_Instructions for the task_
Go to the line containing "This custom family" and retype it and every later line exactly as written, up to the last line of the entries. Keep pictures out.

_Source records_

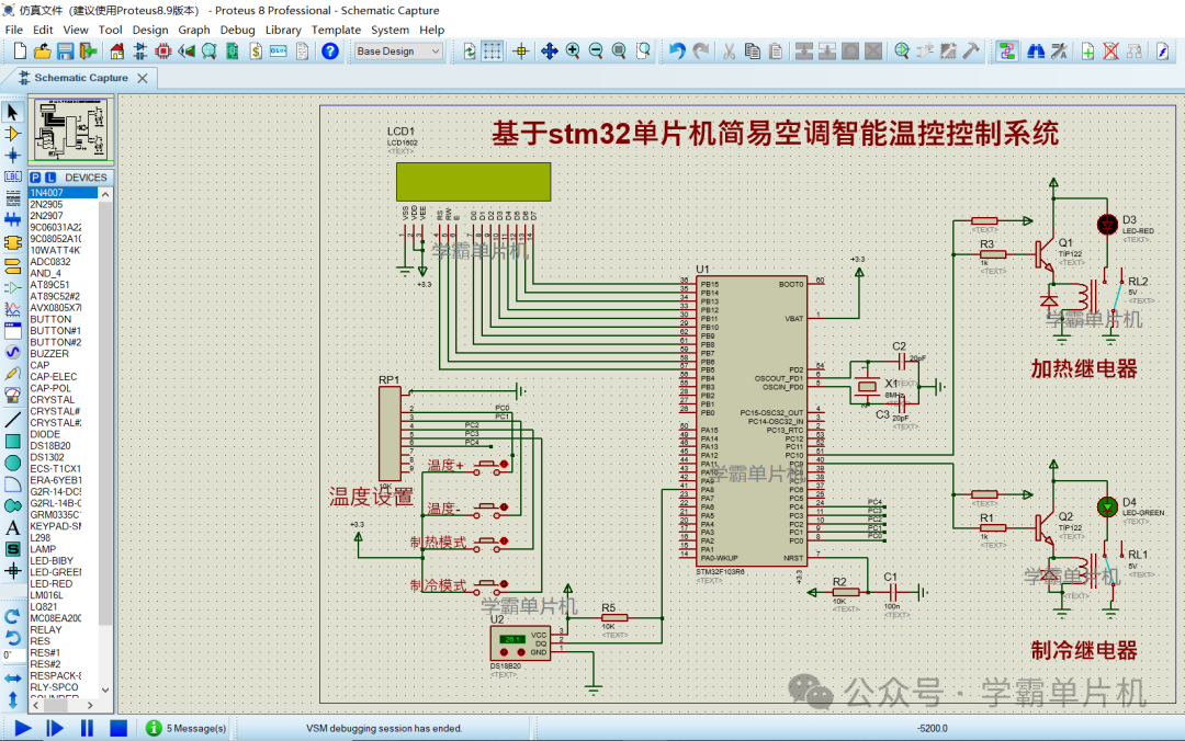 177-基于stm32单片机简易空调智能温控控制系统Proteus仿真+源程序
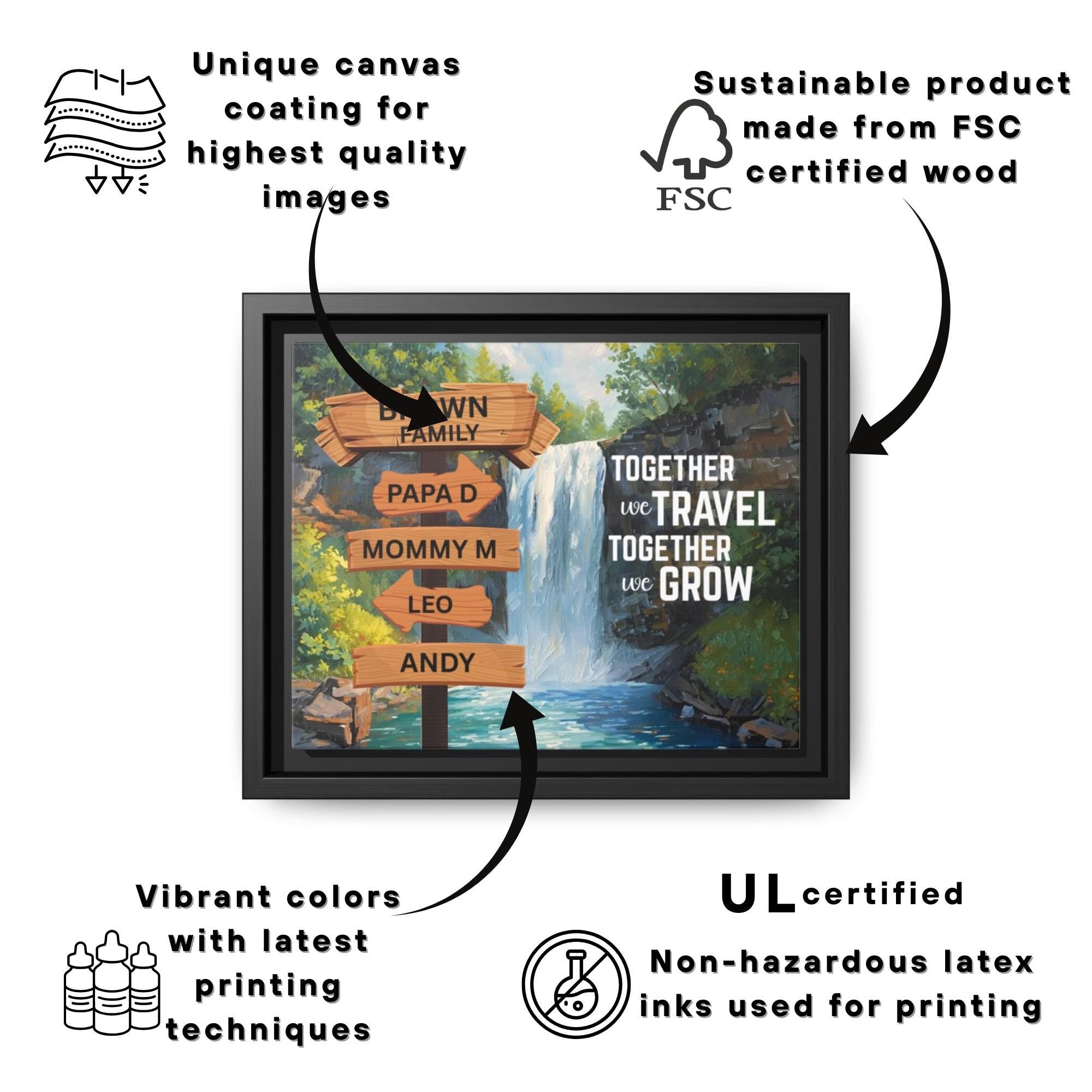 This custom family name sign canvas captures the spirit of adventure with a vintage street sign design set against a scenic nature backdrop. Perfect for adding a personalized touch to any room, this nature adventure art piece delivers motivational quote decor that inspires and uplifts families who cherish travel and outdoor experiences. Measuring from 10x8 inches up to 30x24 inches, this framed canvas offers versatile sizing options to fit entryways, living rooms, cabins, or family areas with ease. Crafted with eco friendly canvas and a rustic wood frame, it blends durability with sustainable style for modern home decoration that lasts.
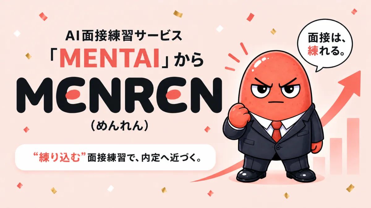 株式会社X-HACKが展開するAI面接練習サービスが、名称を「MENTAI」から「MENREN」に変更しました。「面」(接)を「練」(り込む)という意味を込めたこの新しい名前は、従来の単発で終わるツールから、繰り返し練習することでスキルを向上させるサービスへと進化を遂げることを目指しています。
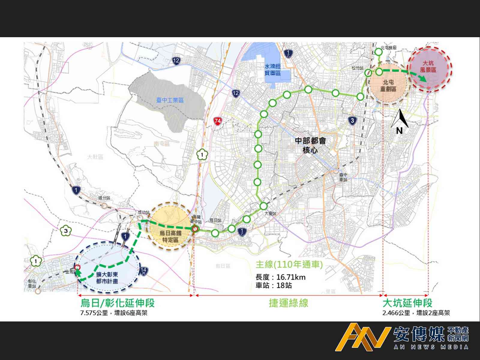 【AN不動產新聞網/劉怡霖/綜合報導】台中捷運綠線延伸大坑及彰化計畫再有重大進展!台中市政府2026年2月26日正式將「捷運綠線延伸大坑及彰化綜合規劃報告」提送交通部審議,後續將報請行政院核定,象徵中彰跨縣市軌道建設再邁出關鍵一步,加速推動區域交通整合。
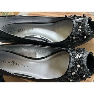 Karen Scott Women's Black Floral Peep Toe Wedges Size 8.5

_Problem solution_
 This custom family name sign canvas captures the spirit of adventure with a vintage street sign design set against a scenic nature backdrop. Perfect for adding a personalized touch to any room, this nature adventure art piece delivers motivational quote decor that inspires and uplifts families who cherish travel and outdoor experiences. Measuring from 10x8 inches up to 30x24 inches, this framed canvas offers versatile sizing options to fit entryways, living rooms, cabins, or family areas with ease. Crafted with eco friendly canvas and a rustic wood frame, it blends durability with sustainable style for modern home decoration that lasts.
 株式会社X-HACKが展開するAI面接練習サービスが、名称を「MENTAI」から「MENREN」に変更しました。「面」(接)を「練」(り込む)という意味を込めたこの新しい名前は、従来の単発で終わるツールから、繰り返し練習することでスキルを向上させるサービスへと進化を遂げることを目指しています。
 【AN不動產新聞網/劉怡霖/綜合報導】台中捷運綠線延伸大坑及彰化計畫再有重大進展!台中市政府2026年2月26日正式將「捷運綠線延伸大坑及彰化綜合規劃報告」提送交通部審議,後續將報請行政院核定,象徵中彰跨縣市軌道建設再邁出關鍵一步,加速推動區域交通整合。
 Karen Scott Women's Black Floral Peep Toe Wedges Size 8.5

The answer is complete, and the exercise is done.